The empath is the opposite of the psychopath. Her limbic system is hyper active – his in completely inactive. She seeks to nurture and feels other’s pain as if it were her own – he amuses in the pain of others and capitalizes on frailties he sees as his prey’s vulterability. She is the key to rebalancing humanity to a more balanced, sustainable, fair and just state but he controls the pathway. The empath isn’t always woman and the psychopath isn’t always man but there is a compelling gender bias that we can’t overlook.

The third member of the triad is the apath, resting in the middle ground of these behavioral poles. Perhaps more than empaths or psychopaths, apathy is a function of the systems that dominate life in modern civilization. The instinct that compels the empath and psychopath to opposite behaviors is not as acute in the apath. From the perspective of their ability to successfully function in society, “most people end up in the middle, which may be the optimal position. It’s good to have some empathy, so at the very least you avoid offending or inadvertently hurting someone.”[23] It is also useful to apply a healthy dose of psychopathy in order to extract from a hyper-competitive economic system sufficient means to achieve the wealth and creature comforts that are on offer. In many regards, the apath can be painted as a morally flexible character on humanity’s grand stage, watching from the crowd as a stand-in extra rather than a lead actor in the tug of war.

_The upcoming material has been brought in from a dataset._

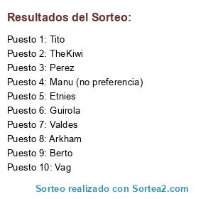 Lista de participantes: Valdes, Arkham, Etnies, Vag, TheKiwi, Perez, Guirola, Berto, Tito, Manu (no preferencia).

As flexible and socially adapted as the apath may be, the personality type presents a significant obstacle. If we are to succeed in transforming the systems that dominate our dysfunctional modern civilization, we need apaths to step up as a voice of reason and democratic action. The trouble is, the apath by nature is a follower who avoids taking risks and is thus only able to modify behavior after changes have been affected. “Apaths are often fearful people. They are the ones most likely to go with the flow. They might also fail to perceive the threat: a danger is of no importance if you deny its existence.” An apath’s response to a psychopath’s call to arms can then result from a state of learned helplessness. Apaths behave defenselessly because they want to avoid unpleasant or harmful circumstances, including the psychopath turning on them. Apathy is an avoidance strategy.”[24]

Apathy is defined as a lack of feeling, emotion, interest and concern, a state of indifference, or the suppression of emotions such as concern, excitement, motivation or passion. Apaths may be described as individuals feeling they do not possess the level of skill required to confront a challenge. It is a normal way for humans to cope with stress – the bystander effect grows to an apathetic level as people lose interest in caring for others who are not in their circle, even going so far as to join in the torment of others. The social implications of apathy are significant.

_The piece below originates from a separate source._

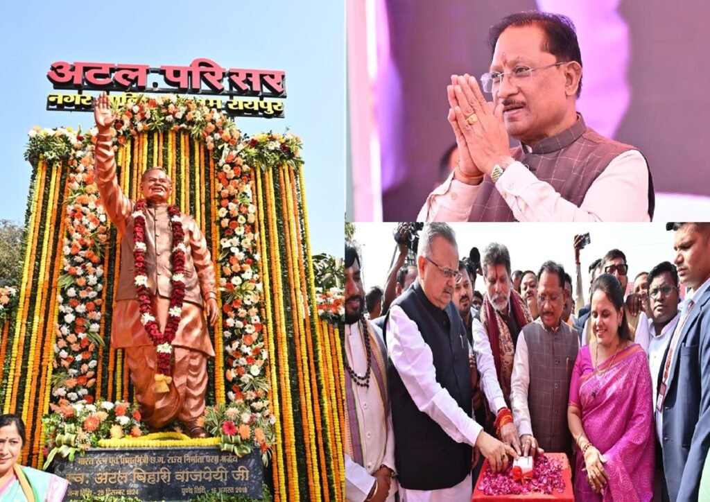 छत्तीसगढ़ में पूर्व प्रधानमंत्री भारत रत्न स्वर्गीय अटल बिहारी वाजपेयी की 101वीं जयंती श्रद्धा और सम्मान के साथ मनाई गई। इस अवसर पर मुख्यमंत्री विष्णु देव साय ने राजधानी रायपुर के अटल एक्सप्रेस-वे में फुंडहर चौक पर स्थापित अटल बिहारी वाजपेयी की भव्य प्रतिमा का अनावरण किया। कार्यक्रम के दौरान पूरा वातावरण देशभक्ति और भावनाओं से सराबोर नजर आया। मुख्यमंत्री विष्णु देव साय ने मूर्ति अनावरण के बाद अटल बिहारी वाजपेयी के योगदान को याद करते हुए कहा कि अटल जी केवल एक राजनेता नहीं, बल्कि भारत की राजनीति में सुशासन, संवेदनशीलता और सर्वसम्मति की मिसाल थे। उन्होंने कहा कि अटल जी का छत्तीसगढ़ से विशेष आत्मीय संबंध रहा है और राज्य के गठन में उनकी ऐतिहासिक भूमिका को कभी भुलाया नहीं जा सकता।

David Meslin argues that apathy is the result of social systems that obstruct engagement and involvement. He describes various obstacles that prevent people from knowing how or why they might get involved in something. Meslin focuses on design choices that unintentionally or intentionally exclude people, including capitalistic media systems and government. He argues that in order to overcome social apathy, poorly designed social systems must be corrected. Author Leo Buscaglia on apathy – “I have a very strong feeling that the opposite of love is not hate – it’s apathy. It’s not giving a damn.” Helen Keller called apathy the “worst of them all” when it comes to the world’s various faces of evil. French social commentator and political thinker Charles de Montesquieu on apathy: “The tyranny of a prince in an oligarchy is not so dangerous to the public welfare as the apathy of a citizen in the democracy.”[25]

Through their avoidance strategies, apaths can stand directly in the way of positive transformation. “Empaths use their ability to emphasize and to boost theirs and others’ well being and safety. Problems arise for empaths, however, when there are apaths in the vicinity. Empaths can be brought down, distressed and forced into the position of the lone fighter by the inaction of more apathetic types.”[26]

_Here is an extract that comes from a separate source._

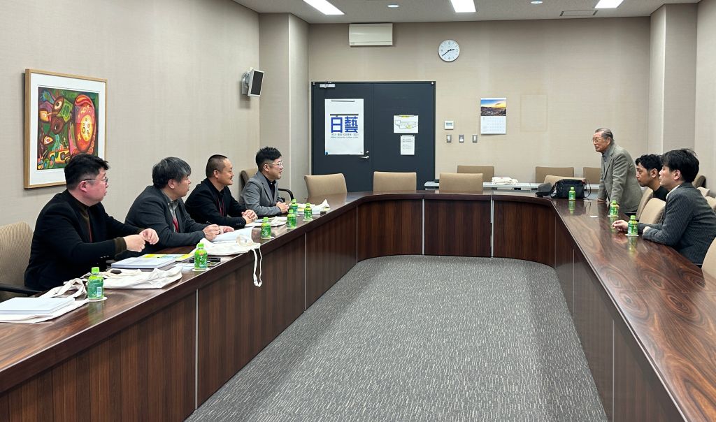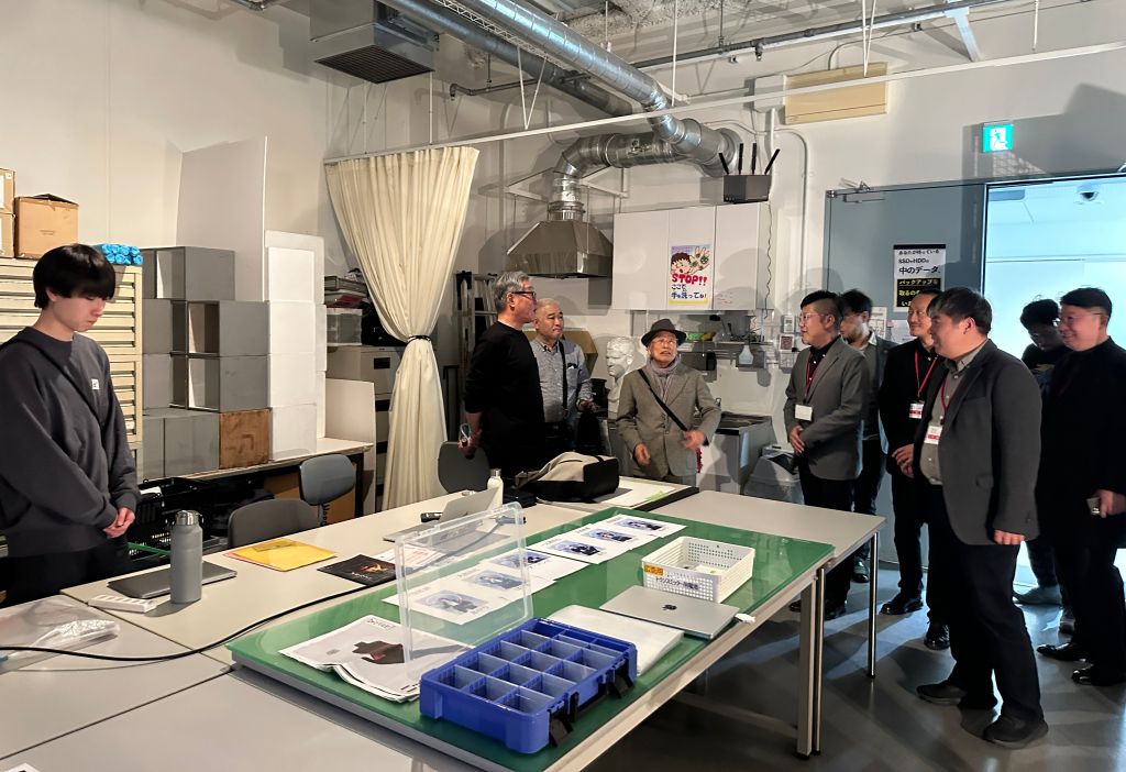 在日本大学艺术学部,访问团受到了学部长川上央教授、学部次长鞍掛純一教授,以及著名设计艺术家中岛安贵辉教授、笠井则幸教授、摄影艺术家马场道浩教授等人的热情接待。日本大学艺术学部以实践导向闻名,其教学项目紧密结合社会需求,强调学生在真实案例中开展创作。访问团参观了摄影教学实训室、工作坊、实验室和美术馆等场所,深入了解其基于实训的教学体系。围绕学术活动、展览合作、师生互访、研学交流等议题进行了深入探讨,达成了初步合作意向。

The apath often colludes with the psychopath or is at least indifferent to the harm caused by them. The apath is someone who is willing to turn a blind eye. “Usually, be it active or passive involvement, the apath’s conscience appears to fall asleep. It is this scenario that causes people blindly to follow leaders motivated only by self-interest.” Yale University professor Stanley Milgram’s experiments to test the human propensity to obey orders led him to write an article, The Perils of Obedience, in which he stated that “ordinary people, simply doing their jobs and without any particular hostility on their part, can become agents in a terrible destructive process.”

The causes of apathy are many. I believe that the sheer force of the systems in which we live drive most of us to apathy. Where the empath can become depressed in her helplessness to affect change, the apath is more adept at coping. Not only does apathy dominate the world of adults, but our children learn it through flawed and uninspiring educational systems that promote the wrong values and lay the foundations for this dilemma. The underlying problem is seen where students are motivated not by the pursuit of knowledge but by externalities, such as acceptance into university. Further research supports this view – even at the most esteemed Ivy League universities, free thinking and pursuit of a path defined by each person’s unique interests and abilities is losing out to the pursuit of end goals based entirely on externalities, namely socio-economic achievement.

For consciousness to elevate above the limiting systemic controls we endure, the majority cohort of apaths need to find inspiration to join in or at least support action. The bystander who watches as emergencies surround her isn’t the cause of injury but her inaction is a form of complicity. We need to take responsibilities for our own actions. Inaction is choice.

Inspiration comes from leaders who promote systems that are supportive in cultivating our talents and dreams. If we are able to establish awareness of the problem and move to a shared consciousness that there is hope for a better way, we can progress to solving and correcting the imbalances and inequities that leave the majority of humanity standing on the sidelines to watch helplessly. There is cause for skepticism in our leadership – driven by narrow interests and limited in worldview, they are influenced far more by the vested interests that participate actively in lobbying and campaign finance than by any form of altruistic vision. The need for visionary leaders can’t be understated.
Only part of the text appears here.